- Born: July 3, 1960 (age 66) Baltimore, MD
- Origin: St. Louis, Missouri
- Genres: Classical
- Occupations: Soloist, teacher
- Instrument: Flute
- Years active: 1978–present
- Formerly of: St. Louis Symphony Orchestra
- Website: official website

= Mark Sparks =

American classical flutist and teacher (born 1960)

Mark Sparks is a former principal flutist of the St. Louis Symphony Orchestra, and a teacher and soloist.

==Early life==
Sparks was born in 1960 and raised in Cleveland and St. Louis, where he studied with former St. Louis Symphony principal flutist Jacob Berg and former St. Louis Symphony piccoloist Jan Gippo. He graduated from the Oberlin Conservatory of Music where he studied with Robert Hugh Willoughby.

==Career==
Sparks began his career in the Canton Symphony Orchestra in Ohio and with the Caracas Symphony in Venezuela. Before his appointment to the St. Louis Symphony, Sparks served as Associate Principal Flute with the Baltimore Symphony Orchestra under David Zinman, and Principal Flute of the San Antonio Symphony and the Memphis Symphony Orchestra.

Sparks is also a teacher. He currently teaches at DePaul School of Music, was previously a full-time faculty member at the Peabody Institute, and maintains a private studio in St. Louis. He is an artist-faculty member at the Aspen Music Festival and School.

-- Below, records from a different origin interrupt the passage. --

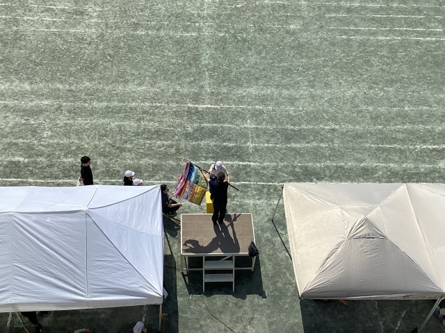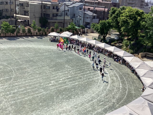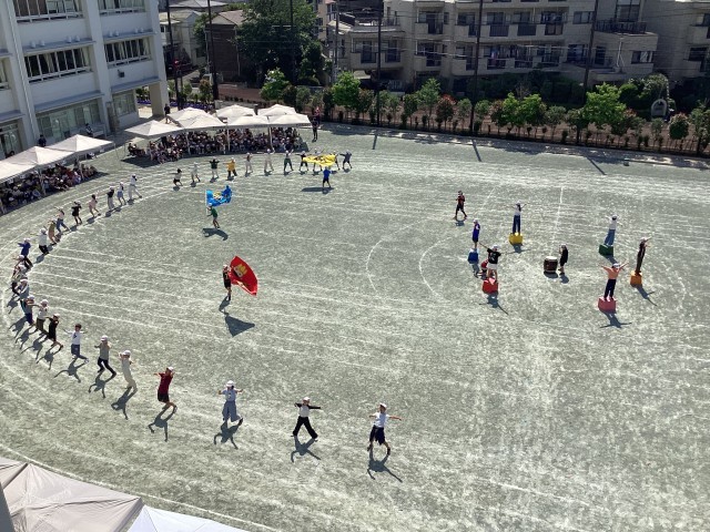 スポーツフェスタの全体練習第2回目でした。閉会式練習では、代表委員による得点発表や児童代表の言葉、優勝旗の授与の練習と集会委員による整理運動を行いました。応援演舞の練習では、全校のエールの練習をしまいた。始めは小さかった声も、応援団の大きなかけ声に合わせて、最後に1000人分の声が響きました。応援団が全員の前を走るウェーブも見応え十分です。
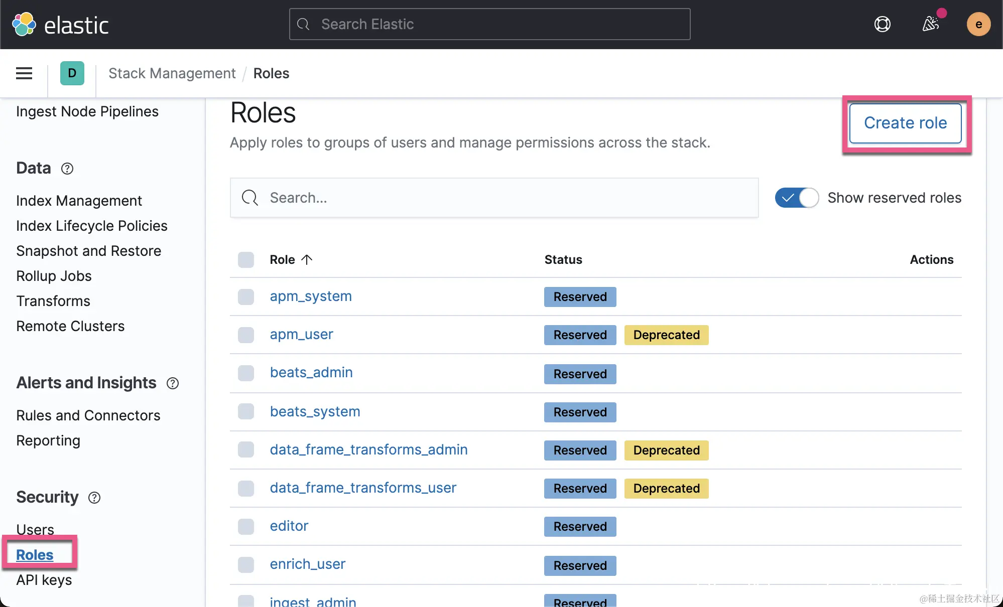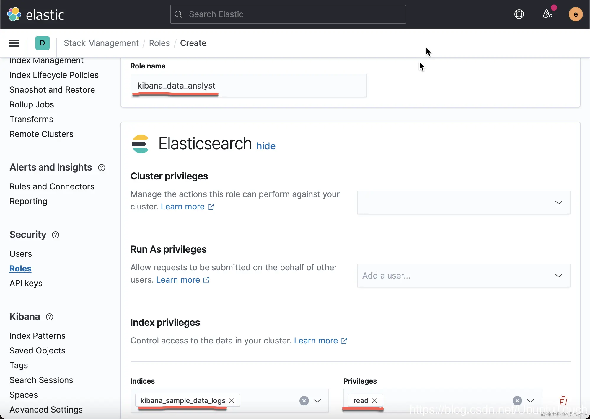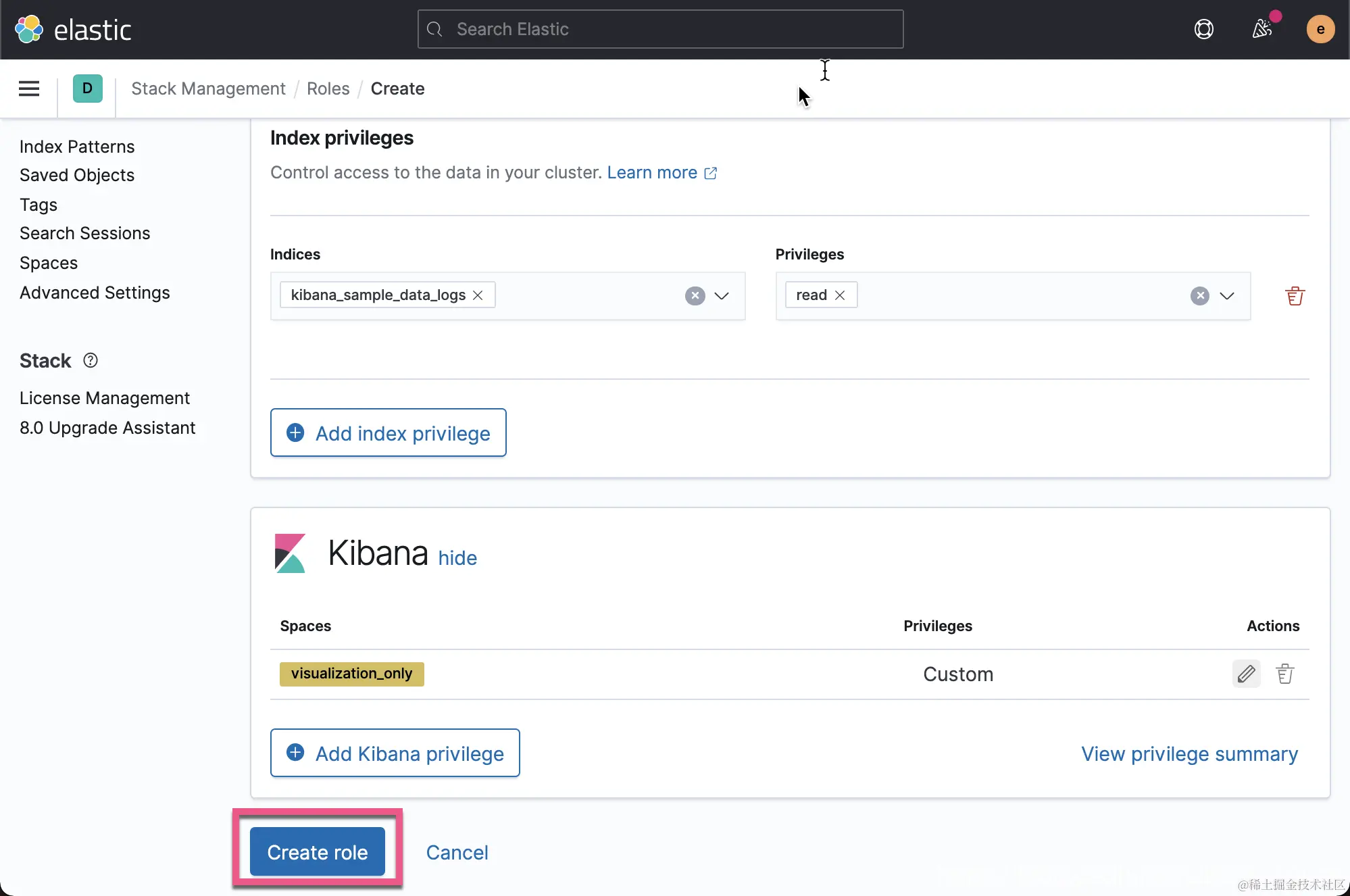点击上面的 Create role。这样我们就完成了 kibana_data_analyst 的 role 创建。
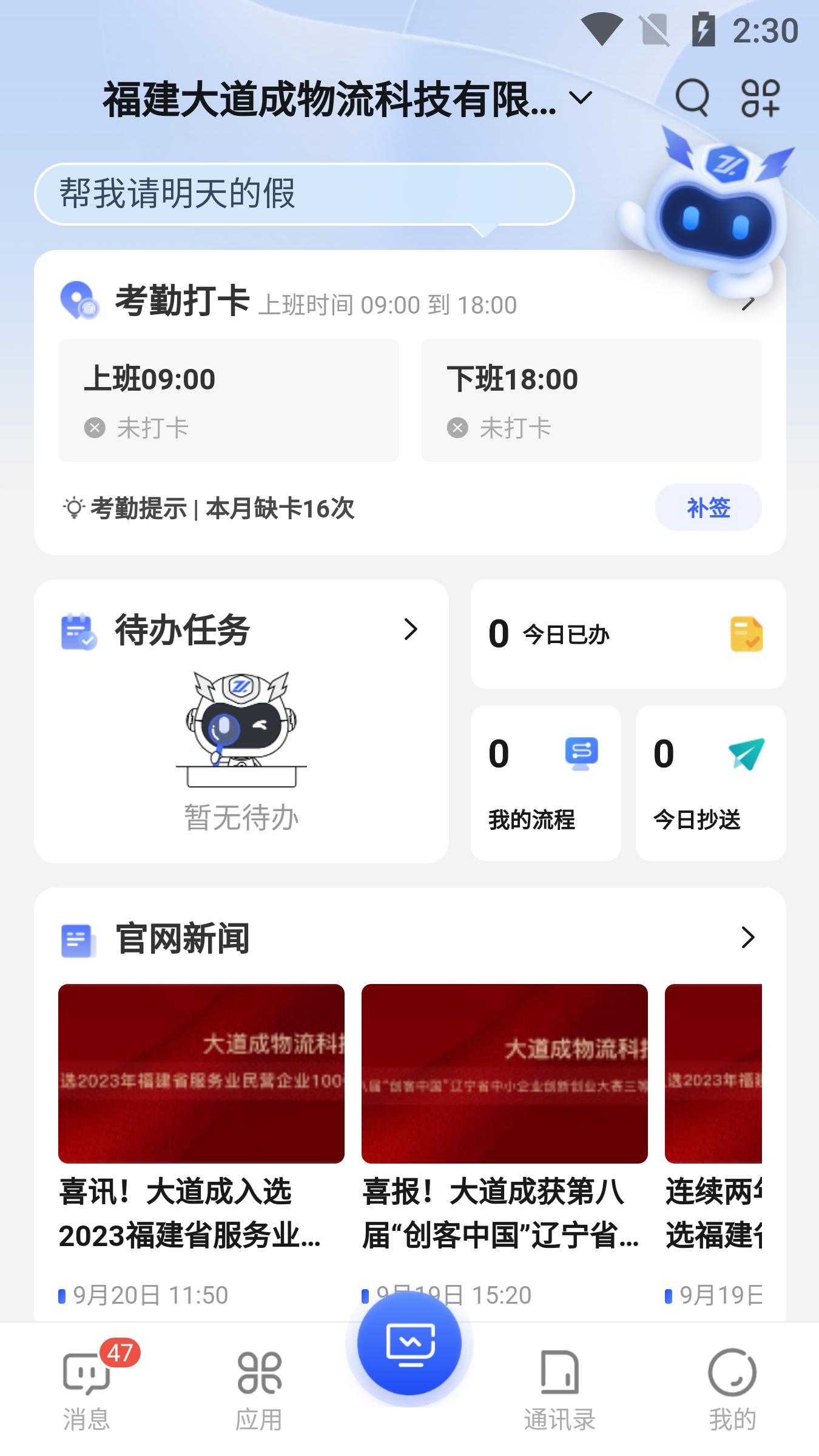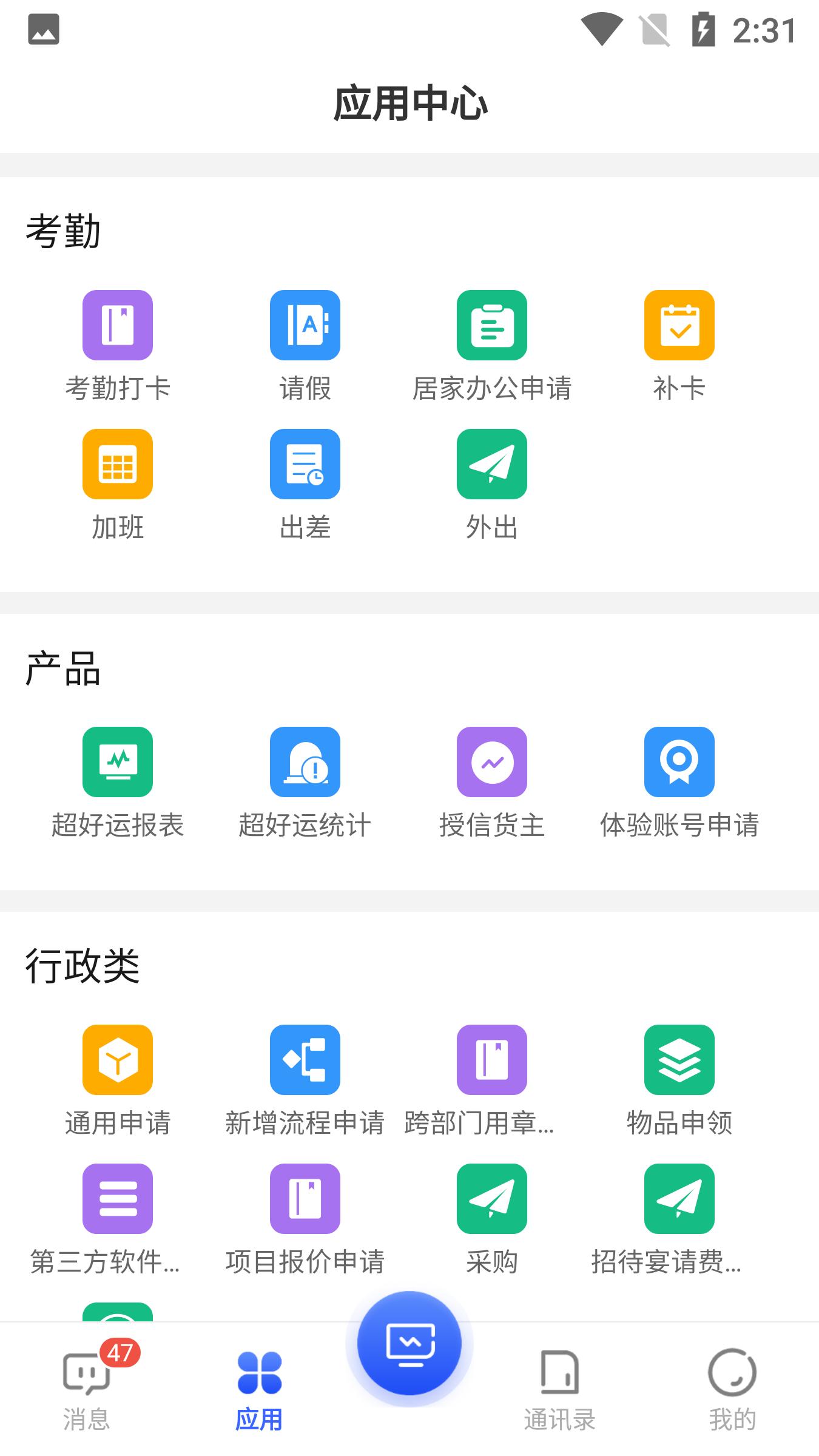 不用见面,在线就能实现请假、居家办公、补卡和加班等申请;
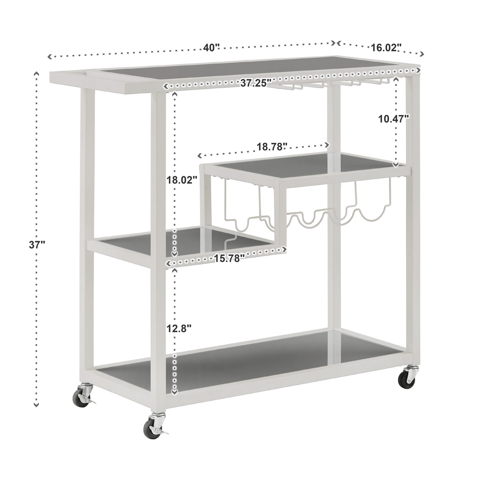 Overall dimensions: 40 in. width x 16 in. depth x 37.4 in. height Clearance under cart: 5.2 in. Includes one (1) bar cart Metal frame Four (4) glass shelves with black backing Wire rack holds up to four (4) bottles Features four (4) stemware racks for glasses Two locking wheels keep cart in place Constructed with steel, glass, plastic, and plywood White finish metal frame Tempered glass shelves
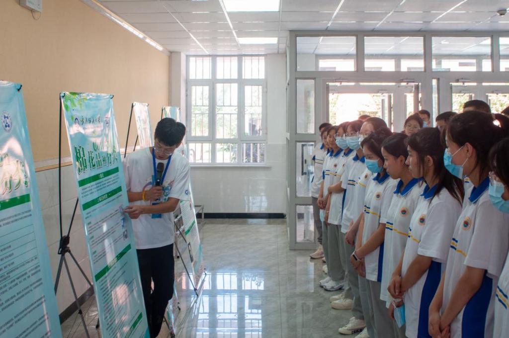 实践团殷先泽教授为同学们带了了“小棉花大应用”专题科技讲座。殷教授为精河高中同学们详细讲解了棉花等纺织材料在航空航天、医用生物、可穿戴设备等各个领域的实践运用,同学们对神奇的纺织世界感到震撼,频频向殷教授提问,殷教授耐心解答,并结合同学们日常生活中的事例进行讲解。
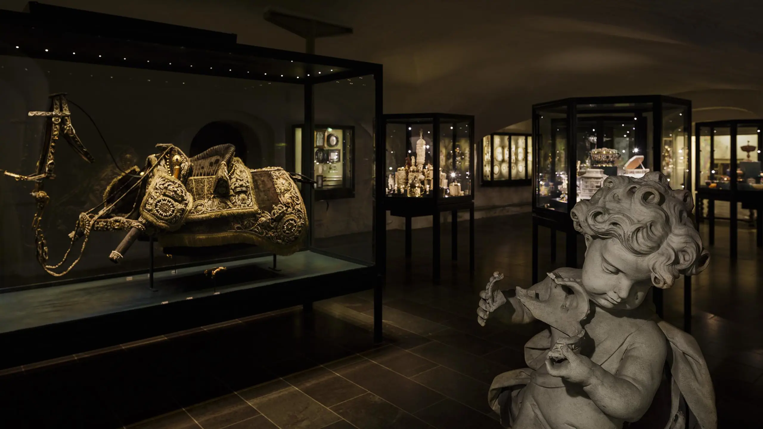 I dette nye Grønne Kabinet her i kælderen kan du se genstande, der spænder tidsmæssigt fra cirka 1200 til 1718. Samlingen her i lokalet repræsenterer en væsentlig del af, hvad der var tilbage af den kongelige arv efter reformationen i 1536 og 1600-tallets nederlag i Trediveårskrigen og svenskekrigene. De fleste genstande er fyrstegaver og stammer fra kongernes og dronningernes personlige samlinger.
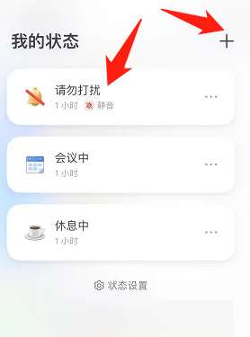 第三步:进入我的状态页面,在页面选择请勿打扰即可设置好状态。
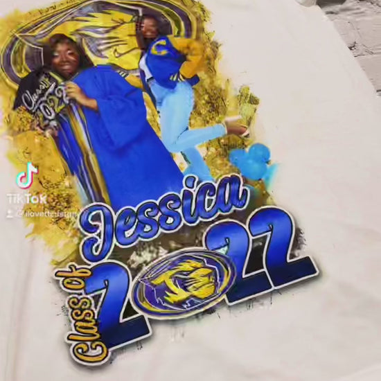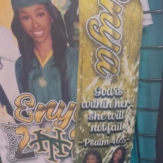 This custom graduation stole is the perfect keepsake for your graduate. It will be personalized with your name, 2-4 pictures, your logo or mascot, and the theme colors.
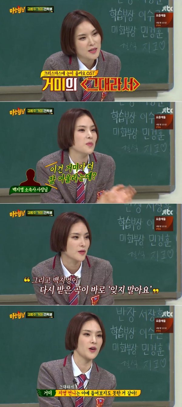거미는 “원래 백지영 언니가 ‘아이리스’ OST로 부르기로 했다. 내가 가이드 보컬을 했는데 언니네 회사에서 ‘이건 거미에게 더 잘 어울린다’고 했고 내가 부르게 됐다”며 “이후 언니가 새로 만들어서 부른 곡이 ‘잊지 말아요’”라고 설명했다. 그는 ‘그대라서’를 짧게 불렀고 서장훈은 “내가 제일 좋아하는 노래”라고 감탄했다.
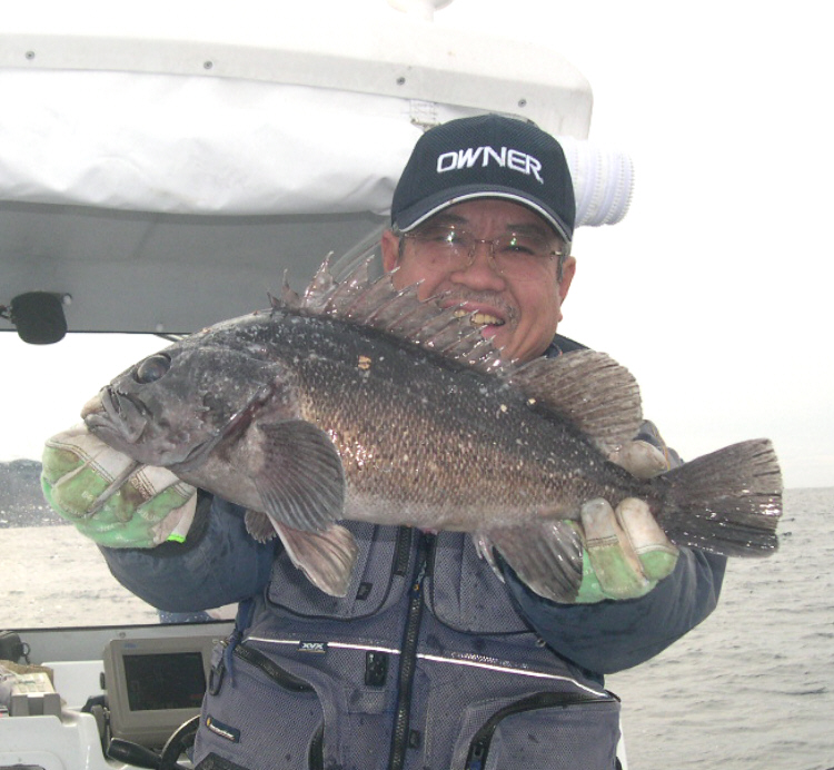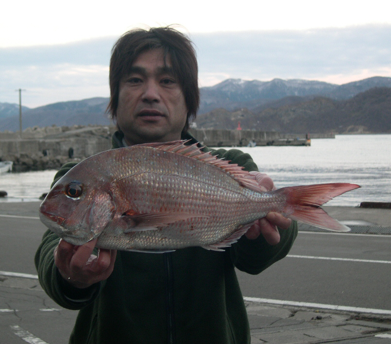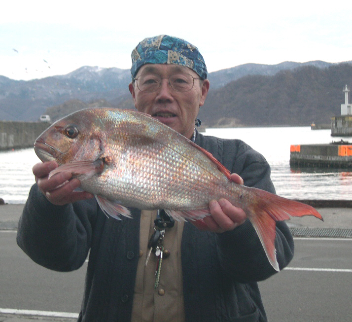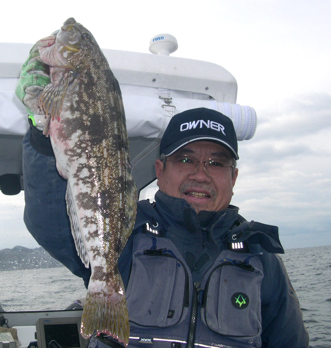 真っ直ぐに権現崎沖の80mラインを目指します。(^-^)/ 海は少しのウネリしかなく快適に進むうちに、 権現崎から先に出たら、波が出始め、80mラインはガッパガッパ。 それでも、魚探には明らかにタイの反応がクッキリと出ている。 デカ真ダイ様にお別れを言いたくて、仕掛けを降ろす。 最初に小野さんがヒット! 難なく60弱をゲット。(^-^)/ そして、むさしさんと爺ィさんにダブルヒット! 残念な事に、むさしさんは途中でフックアウト。(*_*;) そして爺ィさんは、もう少しのところでラインブレイク。\(><)/ あれ~!と海を見るとタイの姿が見える。 そして少しずつ浮いてきて水面へ。 離れたところに浮いたタイが段々に船に近づいて来る。 そしてしっかりとタモの中へ入る。\(^o^)/ そのあとは、反応がずうっと出ているが全く喰い付かない。(*_*;) 潮昇りをしようとするが、船が波に叩かれて進めない。\(><)/ 深場を諦めて先日入食いの浅場へ向かう。 途中60mラインでよい反応が出た。 直ぐに停まって、流すがあたりは無い。(*_*;) そして、根魚のポイントを通過したらここでも良い反応が出ている。 流すと綺麗なアブラメといくらかのクロソイが釣れた。 アブラメは黄金のアブレメとでも呼びたくなるほどに金色に光っている。 そして例の浅場へ、そしてら直ぐに来た!(^-^)/ しかし鋭い2段引きは無い。 上がったのはクロソイ。 軽く40cmオーバーのまあまあの型だ。 良しとしよう!\(^o^)/ そして明らかにタイの群れの反応が出てもタイは釣れずに、 クロソイやアブラメが釣れる。 そんな時、大きな当たりと言うか、重い魚が掛かった。 グングン!と首も振る。 しかしデカ真ダイほどの引き込みは無い。 水面に姿を現したその姿を見て、 爺ィさんが、「何だこりゃ~!」と声を上げながらタモを入れてくれる。 ドデカアブラメだ。 測ってみたら52cmジャスト。JFCの新記録だ。V(^0^)V そうこうしてるうちに、風が収まってきたのでまた深場へ。 しかし、権現を交わした深場は波が収まっていない。 そして、反応の上を流すが当たりは全く無い。(*_*;) そんな事が何回も続き、諦めて又浅場の根魚を狙う。 潮が停まってしまって根魚さえも喰いが悪くなってしまった。 これではまだ上がれないと、又例の入食いポイントへ向かう。 こんどは30cmオーバーのチダイが喰った。(^-^)/ そして同じくらいの真ダイも喰いだした。\(^o^)/ 喰いはかなり渋く、連続して当たりは出ないが、 潮昇りをして反応の上を流すとポツリポツリと喰い付く。 そして暗くなってしまう前の3時半にストップフィッシィング。 結局は真ダイが2枚、チダイと小ダイが8枚。 アブラメ・ソイが20匹くらいで終了。(^-^)/ 無事にタイ様からのメッセージを頂きました。 「もうお前達と遊んでる暇はない。もう来るな!」 ハイハイ!解りました。渡された引導はしっかりと持って帰ります。 今年一年本当にありがとうございました。m(-_-)m 来年も又宜しくお願い致します。\(^o^)/ 今年一年、私と一緒にに遊んでくれた方々、お世話になりました。 本当にありがとうございました。m(-_-)m 来年からは、遊漁船として一緒に釣りをさせていただきますが、 同じように楽しい釣りをするために宜しくお願い致します。。\(^o^)/ PR |

He also teaches at Missouri's Innsbrook Institute, Flauti al Castello in Tuscany, Italy and will join the faculty of the Pacific Music Festival in Sapporo, Japan.

Sparks has recorded two solo albums collaborating with pianist Clinton Adams, appearing on the Summit and AAM labels, and one flute and piano album collaborating with pianist Peter Henderson.